## Guess the Correlation!

Here’s a fantastic way to kill a few minutes better understand correlation coefficients: http://guessthecorrelation.com/

You’re shown a simple scatter plot and enter the correlation coefficient you guess to be associated with it. If you’re close enough, you get coins, if you’re too far off, you lose a heart. There’s even a two-player mode. Basic gaming stuff, but you also build an intuition of what those correlation coefficients we’re throwing around all the time actually mean.

There’s more, though. The game also serves (another) serious purpose: Omar Wagih is collecting the data to analyse how we mortals perceive correlations in scatter plots.

## How to add text labels to a scatter plot in R?

Adding text labels to a scatter plot in R is easy. The basic function is text(), and here’s a reproducible example how you can use it to create these plots:

For the example, I’m creating random data. Since the data are random, your plots will look different. In this fictitious example, I look at the relationship between a policy indicator and performance. It is conventional to put the outcome variable on the Y axis and the predictor on the X axis, but in this example there’s no relationship to reality anyway… The reason I chose min and max values for the random variables here is that I jotted down this code as an explanation for a replication. In this example, we have 25 observations, for 25 units I call “cantons”. The third line here creates a string of characters “A” to “Y”, these are the labels!

policy = runif(25, min=0.4, max=0.7)
perfor = runif(25, min=500, max=570)
canton = sapply(65:89, function(x) rawToChar(as.raw(x)))

For the scatter plot on the left, we use plot(). Then we add the trend line with abline() and lm(). To add the labels, we have text(), the first argument gives the X value of each point, the second argument the Y value (so R knows where to place the text) and the third argument is the corresponding label. The argument pos=1 is there to tell R to draw the label underneath the point; with pos=2 (etc.) we can change that position.

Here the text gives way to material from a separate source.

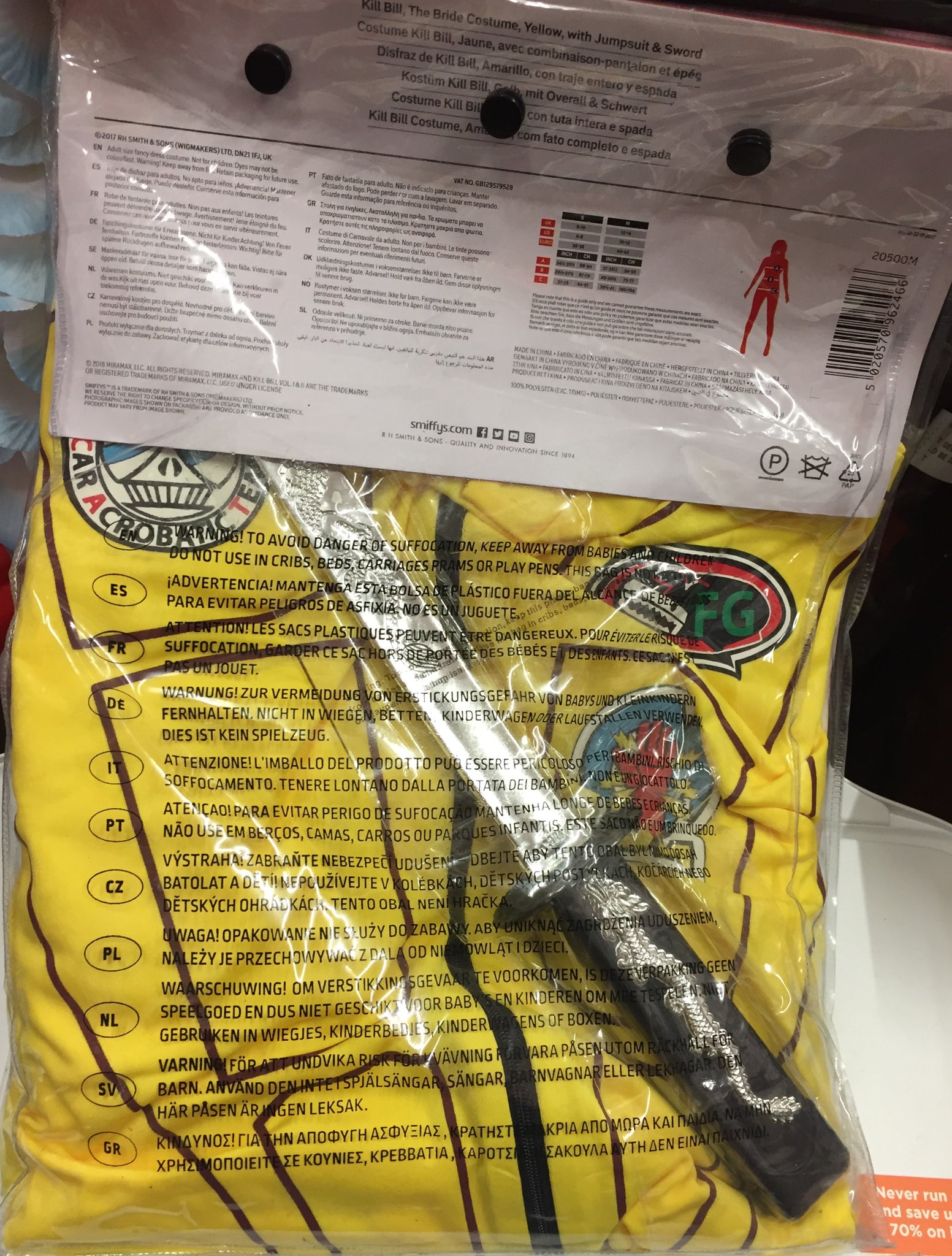 Smiffys Kill Bill Vol I & II - The Bride Costume - Costume Kill Bill - Contains Jumpsuit 7 Sword - Medium 12-14

plot(policy ~ perfor, bty="n", ylab="Policy Indicator", xlab="Performance", main="Policy and Performance")
abline(lm(policy ~ perfor), col="red")
text(perfor, policy, canton, pos=1)

The scatter plot on the right is similar, but here we actually plot the labels instead of the dots. There are two differences in the code: First, we add type="n" to create the scatter plot without actually drawing any circles (an empty plot if you will). Second, when we add the text in the third line of the code, we do not have pos=1, because we want to place the labels exactly where the points are.

plot(policy ~ perfor, bty="n", type="n", ylab="Policy Indicator", xlab="Performance", main="Policy and Performance")
abline(lm(policy ~ perfor), col="red")
text(perfor, policy, canton)

## scatterplot() with scales

Today I spend quite some time trying to figure out why I couldn’t use the `scatterplot` function (from the package `car`) for one specific variable, while it worked for every other variable. I got stuck at the error “Error in if (transform != FALSE | length(transform) == ncol(x)) { : argument is of length zero.”

It was only when I used `str` on the variables to examine the structure that I realized that the scatterplot function does not work with scales. So, normally I could use `scatterplot(y~x | country)`. In this particular case, I used `x <- scale(x1) + scale(x2) +... `to create the new variable. `scatterplot(y~x1 | country)` worked perfectly, as did `scatterplot(y~x2 | country)`, but the scale did not. It turns out the scale function also adds additional information, which breaks the scatterplot function. Once I knew this, the solution seemed obvious: filter out this additional information by using `as.numeric`: `scatterplot(y~as.numeric(x) | country)`.